Whole Steamed Fish in Ginger/Scallion Sauce at Peach Farm
by
MC Slim JB
| October 03, 2011

Photo: JOEL VEAK
Just a few years ago, before gleaming new places like Island Creek Oyster Bar and Legal Harborside opened, I often heard complaints about Boston's lack of destination seafood restaurants. I mostly agreed: "Yeah, we're kind of overrated on that score. Except for Chinatown." To which the response would inevitably be, "Whaaaaa?!" "Sure, Chinatown," I'd reply. "Our Hong Kong-style live-tank joints have the best seafood in town. Where do you think our chefs go on their own time?" This is still true, and I suggest that if you think you're an accomplished, intrepid foodie type and haven't been to Peach Farm (4 Tyler Street, Boston, 617.482.3332) for whole steamed fish in ginger/scallion sauce (market price, typically $15-$20 per pound), you're still playing at Level 1.
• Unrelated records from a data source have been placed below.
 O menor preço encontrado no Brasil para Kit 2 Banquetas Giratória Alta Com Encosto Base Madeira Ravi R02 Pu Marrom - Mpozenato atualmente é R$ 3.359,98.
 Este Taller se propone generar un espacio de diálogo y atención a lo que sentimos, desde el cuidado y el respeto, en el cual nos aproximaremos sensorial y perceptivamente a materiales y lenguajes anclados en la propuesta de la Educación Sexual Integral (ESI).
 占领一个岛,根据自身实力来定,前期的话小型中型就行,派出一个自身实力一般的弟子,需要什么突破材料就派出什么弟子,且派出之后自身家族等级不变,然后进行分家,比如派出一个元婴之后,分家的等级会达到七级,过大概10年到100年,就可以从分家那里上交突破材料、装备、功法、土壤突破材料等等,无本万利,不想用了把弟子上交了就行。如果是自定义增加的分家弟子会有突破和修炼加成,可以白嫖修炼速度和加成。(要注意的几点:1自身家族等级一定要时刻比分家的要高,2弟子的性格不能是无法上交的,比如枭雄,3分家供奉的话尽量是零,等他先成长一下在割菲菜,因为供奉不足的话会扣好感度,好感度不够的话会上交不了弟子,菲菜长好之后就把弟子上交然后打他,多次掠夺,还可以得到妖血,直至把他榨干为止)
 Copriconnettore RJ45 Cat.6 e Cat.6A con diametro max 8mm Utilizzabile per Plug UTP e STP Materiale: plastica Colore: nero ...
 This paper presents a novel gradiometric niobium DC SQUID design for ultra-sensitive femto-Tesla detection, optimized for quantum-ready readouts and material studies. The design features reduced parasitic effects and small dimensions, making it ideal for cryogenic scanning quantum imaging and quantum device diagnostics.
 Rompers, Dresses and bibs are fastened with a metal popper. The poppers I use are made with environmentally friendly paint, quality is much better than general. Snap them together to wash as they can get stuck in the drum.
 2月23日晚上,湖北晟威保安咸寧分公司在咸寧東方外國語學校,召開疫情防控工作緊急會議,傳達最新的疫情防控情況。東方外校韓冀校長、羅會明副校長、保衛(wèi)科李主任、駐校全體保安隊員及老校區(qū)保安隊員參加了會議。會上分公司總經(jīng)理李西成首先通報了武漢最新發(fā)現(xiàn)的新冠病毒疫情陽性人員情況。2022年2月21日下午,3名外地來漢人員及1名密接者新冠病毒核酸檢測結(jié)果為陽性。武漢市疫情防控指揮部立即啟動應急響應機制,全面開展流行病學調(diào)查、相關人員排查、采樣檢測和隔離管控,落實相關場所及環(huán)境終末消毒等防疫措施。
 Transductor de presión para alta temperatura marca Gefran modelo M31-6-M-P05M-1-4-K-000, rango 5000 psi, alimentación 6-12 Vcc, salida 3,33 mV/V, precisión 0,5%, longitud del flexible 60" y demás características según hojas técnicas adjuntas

That's easy to fix: make your way to the corner of Beach and Tyler streets. Take the few steps down into Peach Farm's basement space, and gaze into the aquarium on your right. It will hold a few varieties of fish, maybe a lobster or two. (Any fish listing sideways isn't sick, but tautog, an extraordinary local species that naturally swims lazily.) Ask the host to identify tonight's options. Consider the offerings, and then point: "I want that one." Be seated, and enjoy the lively quality brought to the room by big families of Chinese ex-pats at round lazy-Susan tables. Note with satisfaction the spanking-clean but bare-bones and under-decorated room: in Chinatown, this means all the money is going into the kitchen.
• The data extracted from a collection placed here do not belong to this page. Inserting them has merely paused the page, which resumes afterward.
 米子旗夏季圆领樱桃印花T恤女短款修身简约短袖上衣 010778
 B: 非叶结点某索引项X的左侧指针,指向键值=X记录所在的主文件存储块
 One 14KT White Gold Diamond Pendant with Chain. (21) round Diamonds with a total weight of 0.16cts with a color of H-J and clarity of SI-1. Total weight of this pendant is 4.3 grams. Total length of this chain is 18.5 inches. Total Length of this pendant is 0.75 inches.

Order a few more dishes, sticking to Cantonese options: corn with shredded chicken soup ($10.95 small, $18.95 large), hearty and delicious; spicy dry-fried salted squid ($11.95), which will make you forever think Western-style fried calamari is lame; a vegetable dish like stir-fried pea pod stems ($13.95), tasting as vivid green as it looks, with a good spike of garlic. Your server will net your fish and bring it to your table in a bucket for your approval. In literally less than 10 minutes, your still-whole fish will be back on a platter, steaming, in a light blanket of fresh cilantro, shredded ginger, and chiffonaded scallions. Accept your server's offer to fillet it, which he will do in about 10 seconds, pushing aside one half, deftly extracting the spine, and spooning the soy-based sauce over the flesh. Dig in and recognize with wonder that you have never experienced the delicate flavor and exquisite texture of truly fresh fish, something that was still swimming just moments ago. Finally, congratulate yourself on being part of that select group that really knows where to find the best seafood in Boston.